◆ EXERCISE DIRECTIONS ◆
Beginning with the line below that contains "Светодиодная свеча без" and ending with the line that contains "控えめなボリューム感のパフスリーブが、ふんわりとした女性らしいシルエットを演出。", retype every line exactly. Pictures are not copied.

Records from a data source
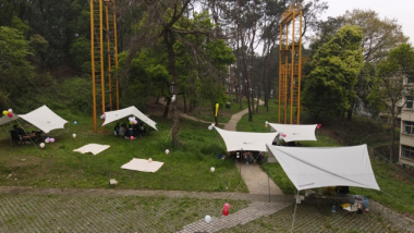 当天清晨时分,老师和同学们就陆续到达北区拓展基地,按照设计方案开始搭建活动场景。下午三点,营会活动正式开始,今年会jinnianhui党委书记庞岚和研究生秘书李春卉出席并参加开营仪式。庞书记在开营仪式中发表讲话,对同学们的组织工作给予高度肯定,同时也表达了对本次课程实践活动的认可。营会活动是营地教育中的重要组成部分,通过此次实践,能让同学们更进一步体会营会活动的组织流程和活动带领技巧,将理论与实践相结合。随后,由庞岚书记、李春卉老师和张毅恒老师为活动进行剪彩仪式并宣布开营。
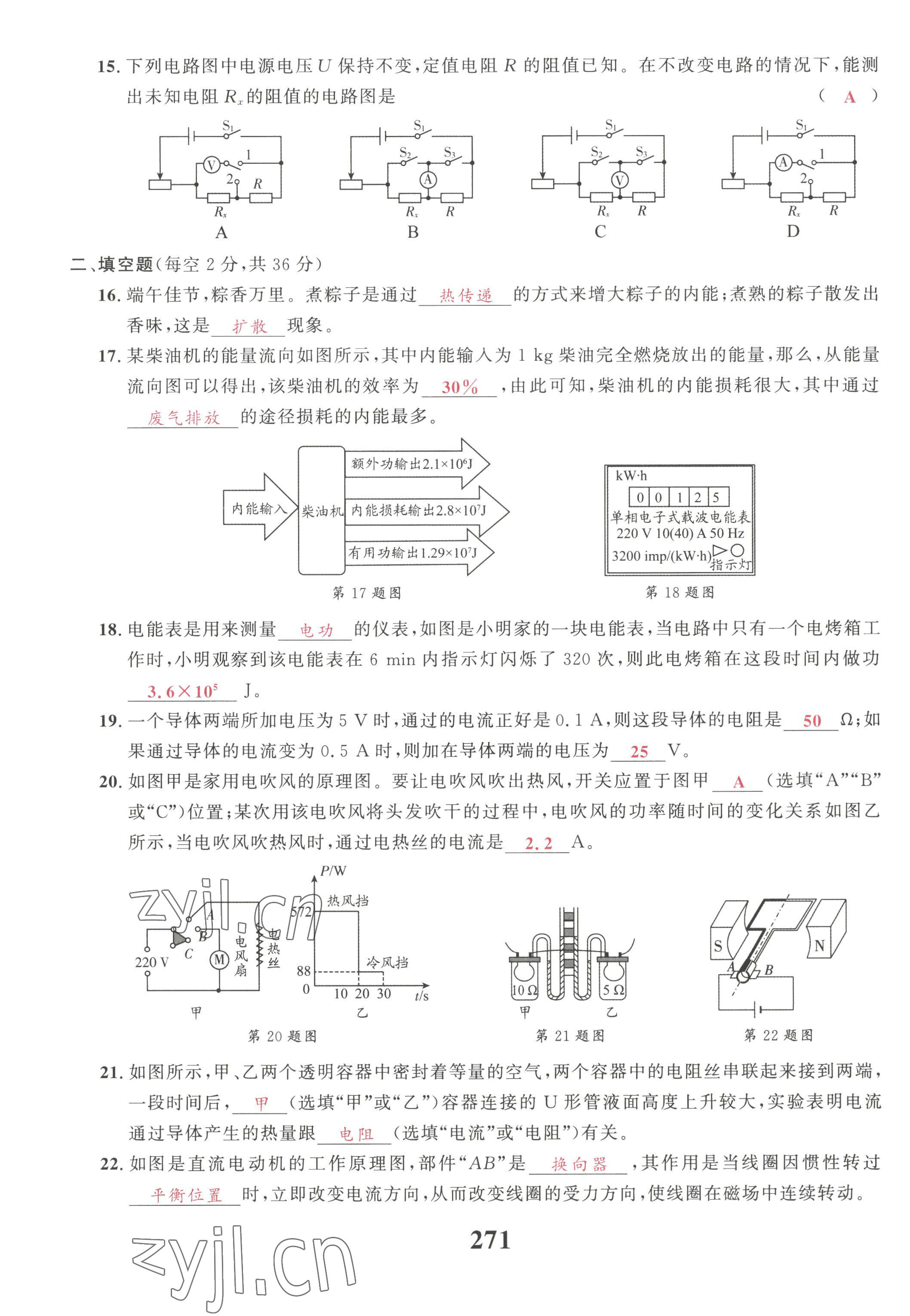 注:目前有些书本章节名称可能整理的还不是很完善,但都是按照顺序排列的,请同学们按照顺序仔细查找。练习册 2022年骄子1号九年级物理全一册教科版 答案主要是用来给同学们做完题方便对答案用的,请勿直接抄袭。
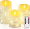 Светодиодная свеча без пламени, со встроенной гирляндой из звезд, набор из 3 светодиодных свечей, с таймером и пультом дистанционного управления для Рождества, свадьбы, вечеринки
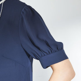控えめなボリューム感のパフスリーブが、ふんわりとした女性らしいシルエットを演出。
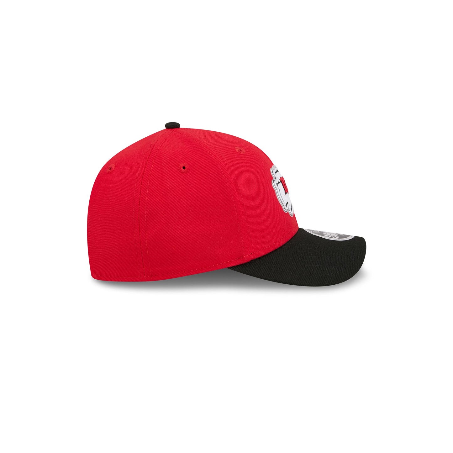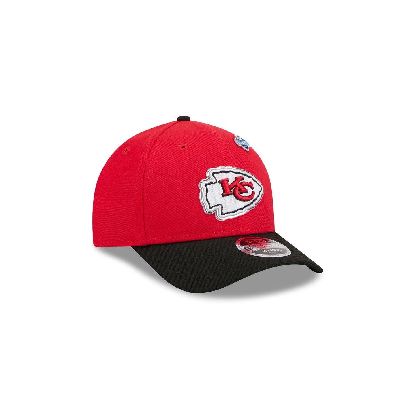 The Kansas City Chiefs 2026 Draft Kids 9FORTY M-Crown Snapback features a heat sealed liquid chrome Chiefs patch and an Official 2026 NFL Draft pin at the front panels with an NFL Shield above a team wordmark on a snapback closure at the rear. Additional details include a city inspired interior fabrication with a Chiefs Kingdom wordmark at the rear tape, a chrome New Era Flag at the left-wear side, and a black visor.
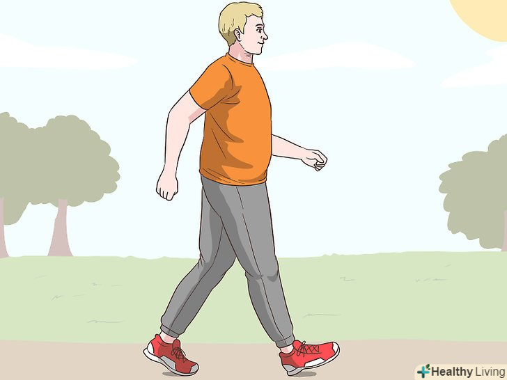 Почніть регулярно ходити на прогулянку.Ходьба — це відмінний спосіб змусити своє тіло рухатися і зміцнити фізичну силу, особливо якщо ви ведете малорухливий спосіб життя. Поступово прискорюйте крок і збільшуйте дальність або тривалість прогулянок.[14]- Крім занять спортом, намагайтеся прогулюватися хоча б по півгодини в день. Перехід з ходьби на біг може сильно знизити рівень феритину.
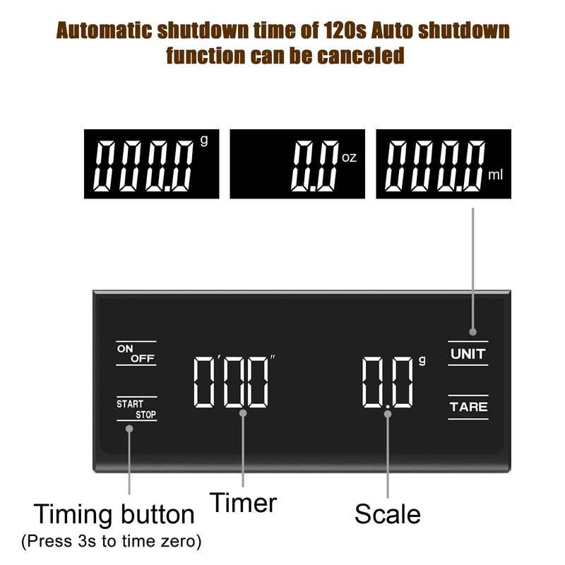 - ☕☕【Mit Timing-Funktion, Ein Guter Partner für die Kaffeezubereitung】 Sie müssen keine zusätzlichen Timer kaufen, der elektronische Kaffeewaagen-Timer verfügt über einen integrierten Timer, der bis zu 99 Minuten und 59 Sekunden messen kann. Kaffeewaage Er eignet sich sehr gut für Ihre Kaffeeexperimente und berechnet für Sie die Zeit zum Zubereiten von Kaffee. Macht das Zubereiten einfach und macht Spaß und ist ein guter Partner beim Zubereiten von Kaffee.
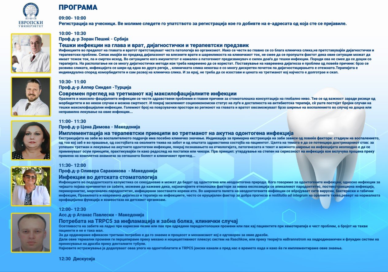 Одонтогените инфекции претставуваат едни од најчестите патологии со кои се сретнуваат стоматолозите во секојдневната пракса. Со оглед на можните сериозни, па и животозагрозувачки компликации кои може да се случат, нивниот ран третман е предизвик, загатка, но и должност на секој стоматолог. Ова специфично време на вонредни услови, рестрикции, неможност за навремена стоматолошка грижа, стресогени фактори, како и други состојби кои влијаат на имунитетот и општото здравје на пациентите, придонесоа за зголемена фрекфенција како на одонтогени, така и на неодонтогени инфекции. Од друга страна пак, прекумерната злоупотреба на антибиотици, неправилниот и ненавремен третман на овие инфекции, непочитувањето на дијагностичкиот протокол и поставувањето на погрешни дијагнози, дополнително го комплицираат текот и исходот од овие состојби. Преку нашите поканети предавачи, ќе се обидеме да поставиме насоки и да се потсетиме на современите протоколи за дијагноза и третман на инфекциите со потекло од усната празнина.
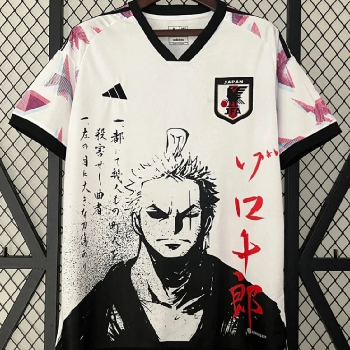Snygg vit Japan fotbollströja från Adidas med cool anime-design. Tröjan har korta ärmar och svart krage. Perfekt för anime- och fotbollsfans som vill sticka ut på planen eller läktaren.
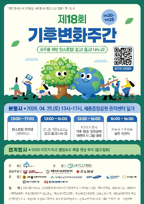 [파이낸셜경제=김영란 기자] 세종특별자치시가 20일부터 25일까지 6일간 중앙공원 일대에서 ‘제18회 기후변화주간’ 행사를 개최한다.

◆ RESPONSE TO THE TASK ◆
 Светодиодная свеча без пламени, со встроенной гирляндой из звезд, набор из 3 светодиодных свечей, с таймером и пультом дистанционного управления для Рождества, свадьбы, вечеринки
控えめなボリューム感のパフスリーブが、ふんわりとした女性らしいシルエットを演出。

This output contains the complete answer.